== STUDY MATERIAL
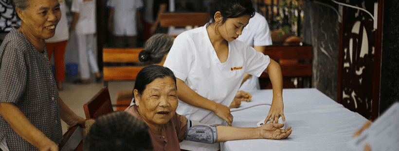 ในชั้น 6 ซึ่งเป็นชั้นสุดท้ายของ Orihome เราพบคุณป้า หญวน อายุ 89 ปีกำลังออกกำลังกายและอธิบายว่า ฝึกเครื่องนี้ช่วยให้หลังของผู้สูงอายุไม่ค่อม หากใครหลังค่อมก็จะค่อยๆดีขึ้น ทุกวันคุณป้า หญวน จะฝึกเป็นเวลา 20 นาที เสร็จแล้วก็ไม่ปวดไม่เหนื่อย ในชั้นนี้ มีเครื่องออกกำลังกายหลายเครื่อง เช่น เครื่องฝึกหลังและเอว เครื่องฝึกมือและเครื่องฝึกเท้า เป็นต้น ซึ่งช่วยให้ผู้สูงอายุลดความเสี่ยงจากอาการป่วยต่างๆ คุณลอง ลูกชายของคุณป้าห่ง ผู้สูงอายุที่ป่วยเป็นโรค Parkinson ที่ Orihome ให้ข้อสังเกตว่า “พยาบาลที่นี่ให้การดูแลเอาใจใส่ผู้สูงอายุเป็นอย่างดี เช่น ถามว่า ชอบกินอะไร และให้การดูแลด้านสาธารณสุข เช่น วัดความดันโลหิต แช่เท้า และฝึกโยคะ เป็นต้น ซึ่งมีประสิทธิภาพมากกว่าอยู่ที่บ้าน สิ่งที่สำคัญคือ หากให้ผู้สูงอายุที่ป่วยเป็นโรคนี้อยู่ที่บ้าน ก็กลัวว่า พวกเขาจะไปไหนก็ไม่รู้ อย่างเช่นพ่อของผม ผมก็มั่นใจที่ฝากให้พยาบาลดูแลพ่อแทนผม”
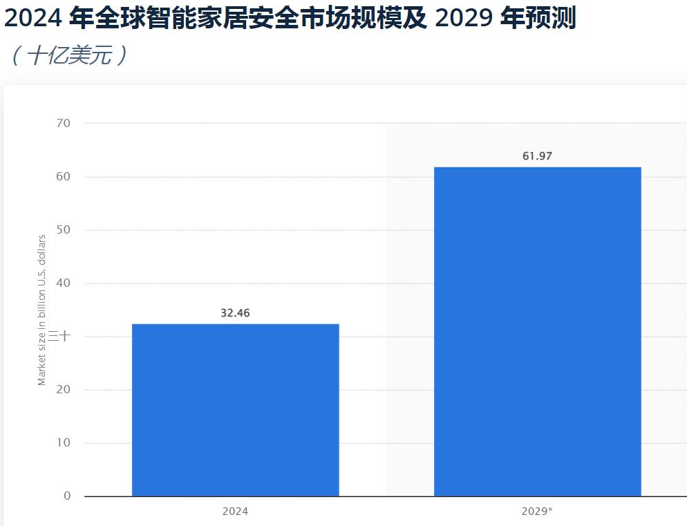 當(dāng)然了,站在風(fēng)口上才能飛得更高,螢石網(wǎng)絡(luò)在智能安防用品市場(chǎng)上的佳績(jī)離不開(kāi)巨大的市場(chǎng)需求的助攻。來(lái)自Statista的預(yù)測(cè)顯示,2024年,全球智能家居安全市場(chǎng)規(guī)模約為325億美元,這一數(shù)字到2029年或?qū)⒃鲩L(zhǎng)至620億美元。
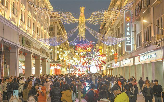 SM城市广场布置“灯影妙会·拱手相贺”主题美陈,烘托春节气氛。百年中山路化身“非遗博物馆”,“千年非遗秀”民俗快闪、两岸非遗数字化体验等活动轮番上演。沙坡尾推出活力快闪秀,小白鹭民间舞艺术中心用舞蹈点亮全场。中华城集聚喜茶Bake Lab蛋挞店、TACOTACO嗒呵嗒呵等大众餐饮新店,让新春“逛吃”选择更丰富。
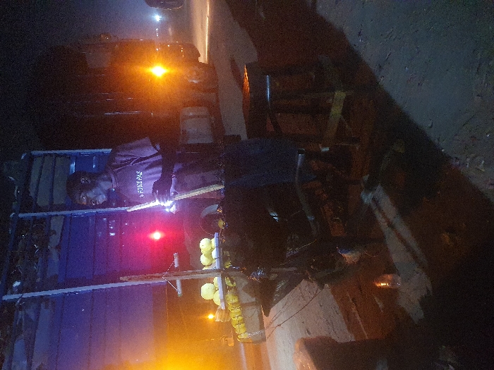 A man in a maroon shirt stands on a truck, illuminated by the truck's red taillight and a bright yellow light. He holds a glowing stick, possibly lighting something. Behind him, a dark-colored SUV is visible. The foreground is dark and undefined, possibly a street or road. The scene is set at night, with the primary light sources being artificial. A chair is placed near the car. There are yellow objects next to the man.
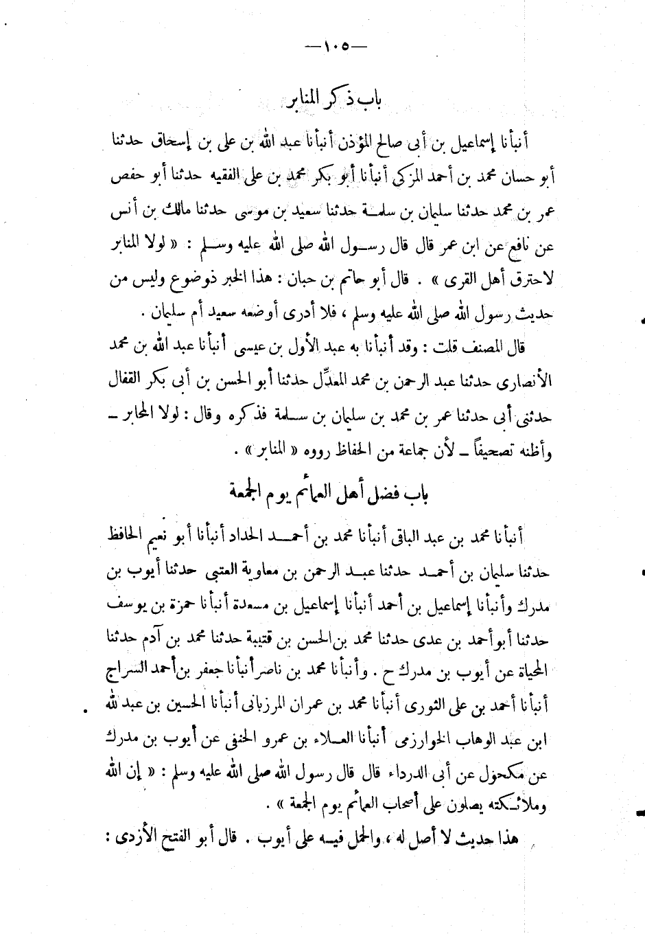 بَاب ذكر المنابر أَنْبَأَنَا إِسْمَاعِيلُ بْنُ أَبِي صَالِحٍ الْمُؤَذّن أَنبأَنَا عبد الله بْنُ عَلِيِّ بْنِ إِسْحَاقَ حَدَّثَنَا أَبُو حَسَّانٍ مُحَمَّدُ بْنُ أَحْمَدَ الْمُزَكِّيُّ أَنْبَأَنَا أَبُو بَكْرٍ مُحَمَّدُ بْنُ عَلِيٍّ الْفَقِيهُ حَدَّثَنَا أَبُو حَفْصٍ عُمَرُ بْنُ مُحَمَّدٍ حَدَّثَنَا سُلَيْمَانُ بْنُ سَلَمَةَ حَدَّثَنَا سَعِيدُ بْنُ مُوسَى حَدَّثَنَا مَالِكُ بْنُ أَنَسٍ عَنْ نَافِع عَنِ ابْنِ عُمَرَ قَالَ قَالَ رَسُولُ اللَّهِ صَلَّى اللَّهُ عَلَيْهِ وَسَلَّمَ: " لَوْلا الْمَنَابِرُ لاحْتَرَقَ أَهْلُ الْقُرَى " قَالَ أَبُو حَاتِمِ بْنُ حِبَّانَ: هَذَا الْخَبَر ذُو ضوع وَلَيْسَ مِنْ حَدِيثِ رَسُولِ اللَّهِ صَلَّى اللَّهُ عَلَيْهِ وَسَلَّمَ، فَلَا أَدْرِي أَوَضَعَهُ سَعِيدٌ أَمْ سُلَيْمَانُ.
====
== STUDY MATERIAL
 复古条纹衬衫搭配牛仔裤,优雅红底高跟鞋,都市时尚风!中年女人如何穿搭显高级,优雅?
====
== STUDY MATERIAL
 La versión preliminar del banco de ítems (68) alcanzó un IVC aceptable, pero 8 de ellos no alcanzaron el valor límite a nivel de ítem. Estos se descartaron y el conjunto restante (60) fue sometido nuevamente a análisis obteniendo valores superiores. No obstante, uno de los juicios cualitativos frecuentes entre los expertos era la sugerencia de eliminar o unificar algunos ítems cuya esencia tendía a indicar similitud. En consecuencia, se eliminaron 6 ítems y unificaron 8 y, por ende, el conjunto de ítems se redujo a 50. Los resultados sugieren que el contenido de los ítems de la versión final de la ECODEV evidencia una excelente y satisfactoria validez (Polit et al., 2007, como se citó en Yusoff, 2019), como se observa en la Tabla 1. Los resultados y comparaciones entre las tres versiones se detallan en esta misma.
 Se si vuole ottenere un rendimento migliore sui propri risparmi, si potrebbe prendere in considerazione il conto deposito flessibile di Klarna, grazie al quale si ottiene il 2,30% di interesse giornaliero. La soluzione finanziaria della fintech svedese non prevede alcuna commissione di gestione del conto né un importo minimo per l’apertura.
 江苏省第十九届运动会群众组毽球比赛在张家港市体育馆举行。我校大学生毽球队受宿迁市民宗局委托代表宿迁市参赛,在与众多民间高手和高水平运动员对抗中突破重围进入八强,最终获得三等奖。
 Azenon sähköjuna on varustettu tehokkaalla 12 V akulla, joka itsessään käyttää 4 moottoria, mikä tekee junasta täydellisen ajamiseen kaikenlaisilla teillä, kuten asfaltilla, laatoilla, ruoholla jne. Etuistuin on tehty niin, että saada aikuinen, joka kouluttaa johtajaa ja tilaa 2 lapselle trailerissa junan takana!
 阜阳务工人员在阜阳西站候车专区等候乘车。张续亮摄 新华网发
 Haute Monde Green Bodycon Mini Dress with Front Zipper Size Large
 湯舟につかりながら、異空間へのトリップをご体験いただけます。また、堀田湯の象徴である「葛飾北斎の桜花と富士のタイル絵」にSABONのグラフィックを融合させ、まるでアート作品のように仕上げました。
====
TASK DETAILS:
Could the stretch from the line with "ในชั้น 6 ซึ่งเป็นชั้นสุดท้ายของ" through the line with "當(dāng)然了,站在風(fēng)口" in the listing above be restated word for word, minus the pictures?

EXERCISE RESULT:
 ในชั้น 6 ซึ่งเป็นชั้นสุดท้ายของ Orihome เราพบคุณป้า หญวน อายุ 89 ปีกำลังออกกำลังกายและอธิบายว่า ฝึกเครื่องนี้ช่วยให้หลังของผู้สูงอายุไม่ค่อม หากใครหลังค่อมก็จะค่อยๆดีขึ้น ทุกวันคุณป้า หญวน จะฝึกเป็นเวลา 20 นาที เสร็จแล้วก็ไม่ปวดไม่เหนื่อย ในชั้นนี้ มีเครื่องออกกำลังกายหลายเครื่อง เช่น เครื่องฝึกหลังและเอว เครื่องฝึกมือและเครื่องฝึกเท้า เป็นต้น ซึ่งช่วยให้ผู้สูงอายุลดความเสี่ยงจากอาการป่วยต่างๆ คุณลอง ลูกชายของคุณป้าห่ง ผู้สูงอายุที่ป่วยเป็นโรค Parkinson ที่ Orihome ให้ข้อสังเกตว่า “พยาบาลที่นี่ให้การดูแลเอาใจใส่ผู้สูงอายุเป็นอย่างดี เช่น ถามว่า ชอบกินอะไร และให้การดูแลด้านสาธารณสุข เช่น วัดความดันโลหิต แช่เท้า และฝึกโยคะ เป็นต้น ซึ่งมีประสิทธิภาพมากกว่าอยู่ที่บ้าน สิ่งที่สำคัญคือ หากให้ผู้สูงอายุที่ป่วยเป็นโรคนี้อยู่ที่บ้าน ก็กลัวว่า พวกเขาจะไปไหนก็ไม่รู้ อย่างเช่นพ่อของผม ผมก็มั่นใจที่ฝากให้พยาบาลดูแลพ่อแทนผม”
 當(dāng)然了,站在風(fēng)口上才能飛得更高,螢石網(wǎng)絡(luò)在智能安防用品市場(chǎng)上的佳績(jī)離不開(kāi)巨大的市場(chǎng)需求的助攻。來(lái)自Statista的預(yù)測(cè)顯示,2024年,全球智能家居安全市場(chǎng)規(guī)模約為325億美元,這一數(shù)字到2029年或?qū)⒃鲩L(zhǎng)至620億美元。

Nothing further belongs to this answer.